Даже заполученные на охоте трофеи – и те не позволили простить Второй Добытой то, что сделали дети. Своя порция побоев досталась каждому. И самые суровые – Второй. В свои семнадцать лет она была самой старшей – и не справилась с тем, чтобы отыскать и остановить остальных!

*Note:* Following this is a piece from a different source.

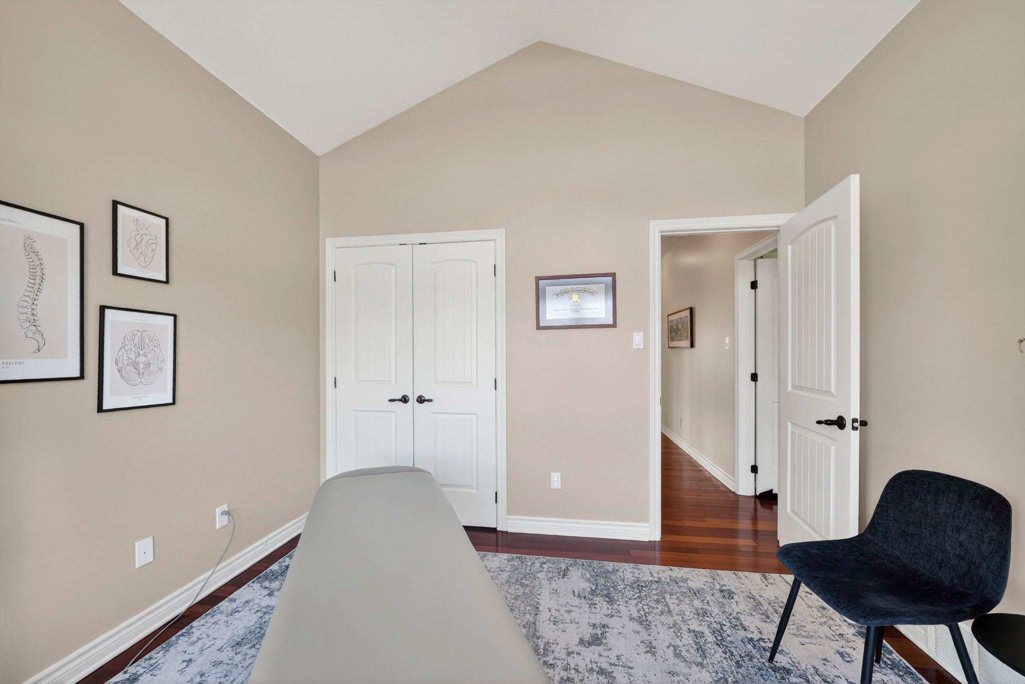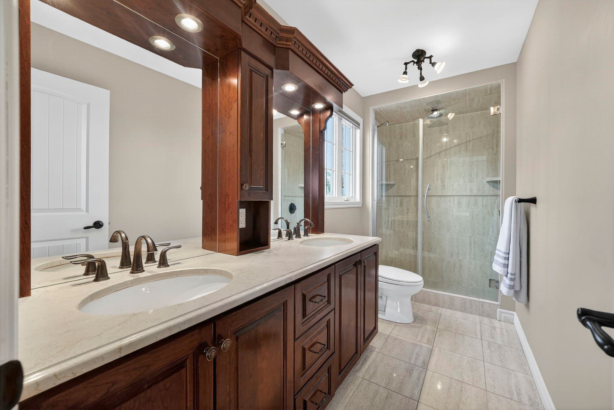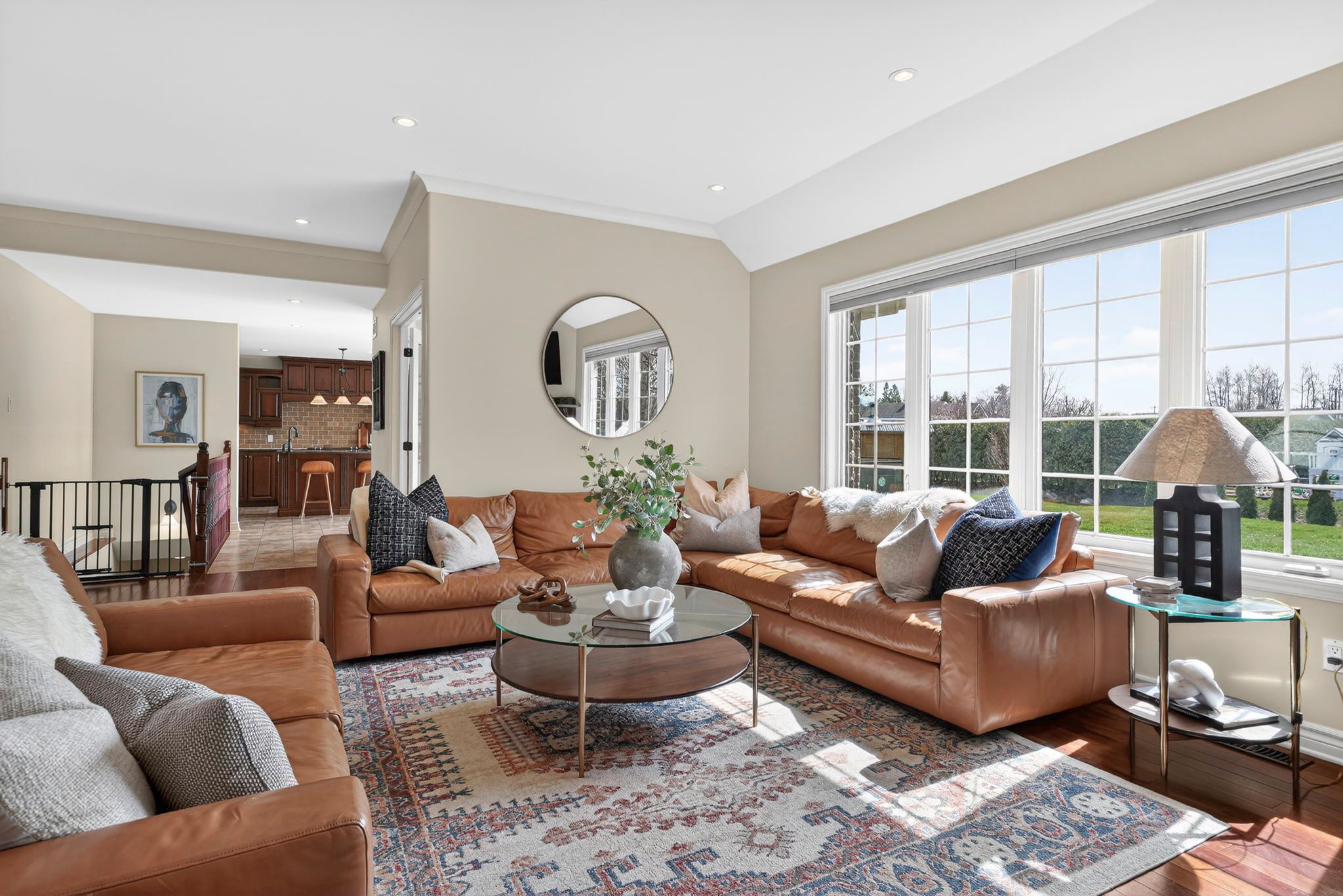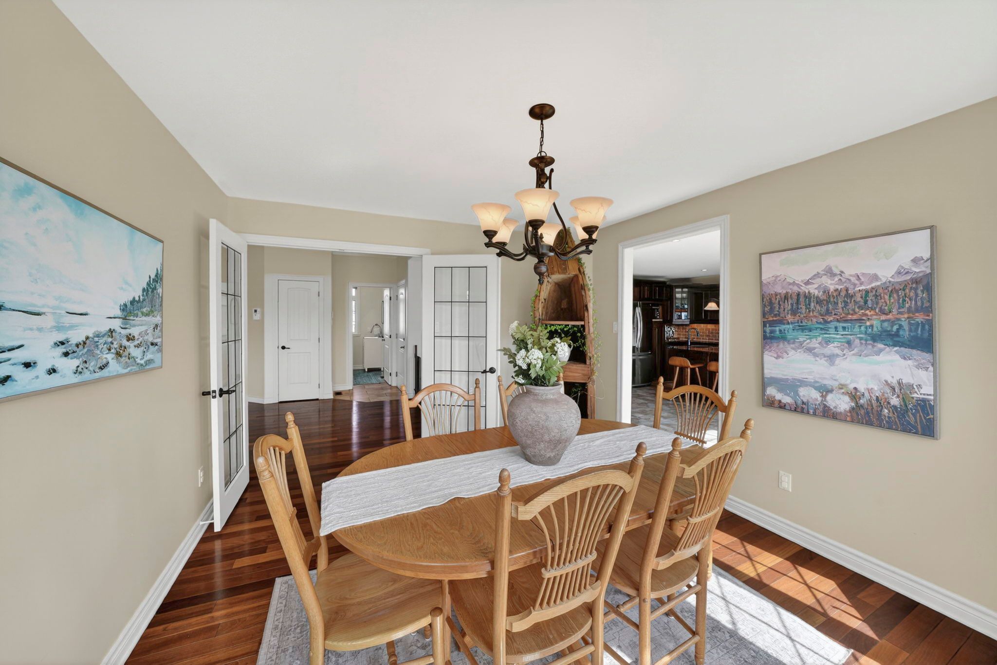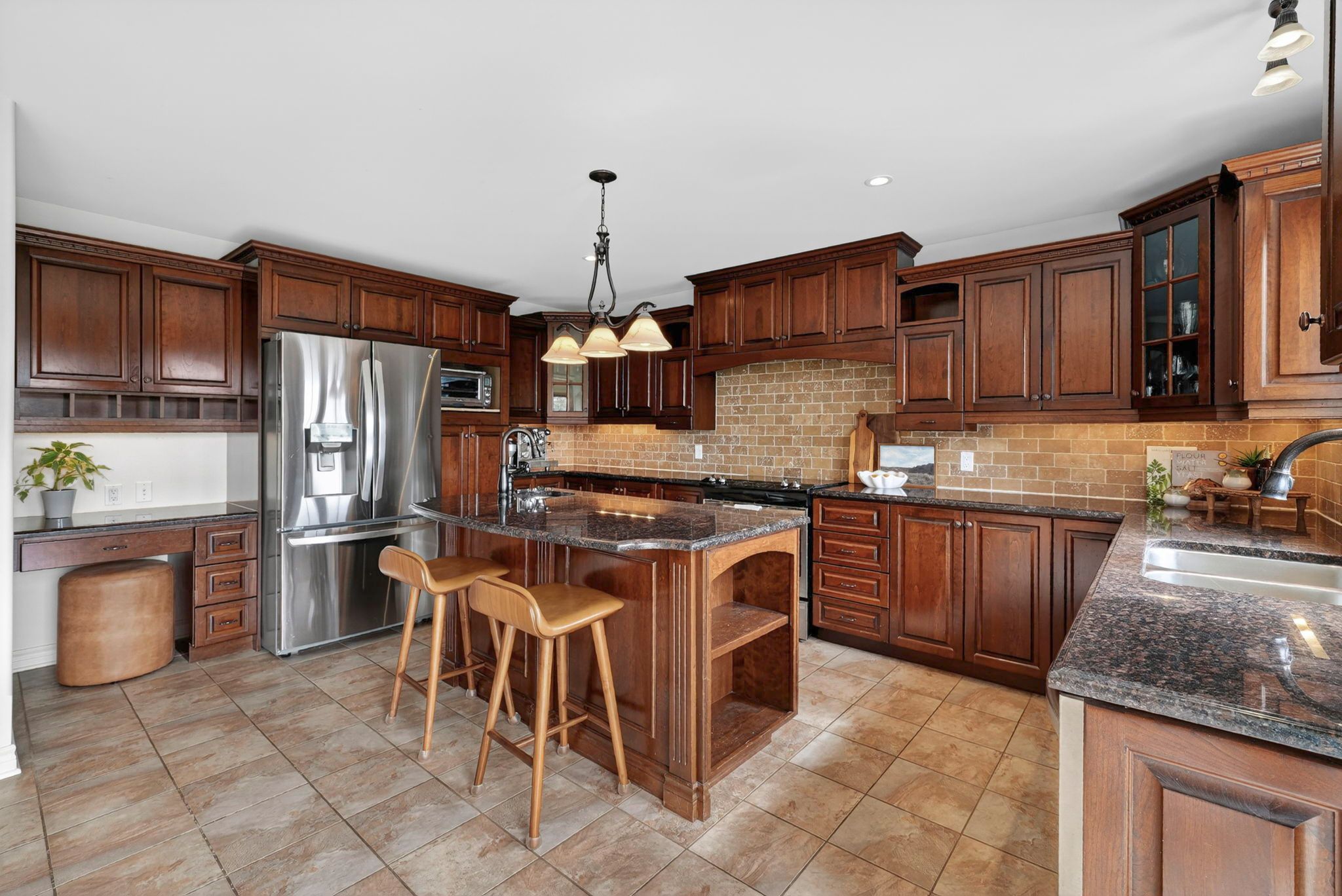 • Gourmet kitchen with granite countertops, hardwood cabinetry, and modern appliances.

Дух младенца преследовал Женщину. Даже сейчас.

Детям не терпелось, чтобы она признала в них охотников, способных действовать самостоятельно. Женщина понимала, насколько дело опасно. Именно такая поспешность и убила одиннадцать лет назад всю ее семью. Прошлой ночью некое смутное чувство сказало Женщине, что из тумана на них надвигается новая катастрофа, что дети не просто гоняются за тенями или ищут крабов под луной, а затеяли самую настоящую охоту – охоту, таящую смертельную опасность для них всех.

Женщина вложила нож в ножны, перевела взгляд на белый пакет, одиноко стоящий у стены в дальнем конце пещеры. Внезапно все ее тело прошиб дикий озноб.

В каком-то смысле это ее ошибка. Она слишком часто и на протяжении слишком многих дней и ночей рассказывала детям о другом ребенке – том, что жил на холме, – и о той силе, что таится в крови детей. Это лишь подогрело их нетерпение, теперь Женщина понимала это. Вот они и решили самостоятельно напасть на того ребенка, его мать и ту девушку. Они хотели как лучше, однако получилось ровно наоборот – хуже некуда.

Ребенок задохнулся в пакете, ему там нечем было дышать.

Кровь не пролилась.

Кровь не высвободили.

А ведь именно в подобном освобождении и таилась самая грозная их сила. Пустить кровь – означало высвободить дух и таящуюся в нем силу. Как бы ни противилось тело, дух останется благодарен всегда.

Вместо этого дух томился в пакете, заполненном лишь телом ребенка, его дерьмом и мочой. Злой, разгневанный, он сейчас затаился в маленьком мертвом теле.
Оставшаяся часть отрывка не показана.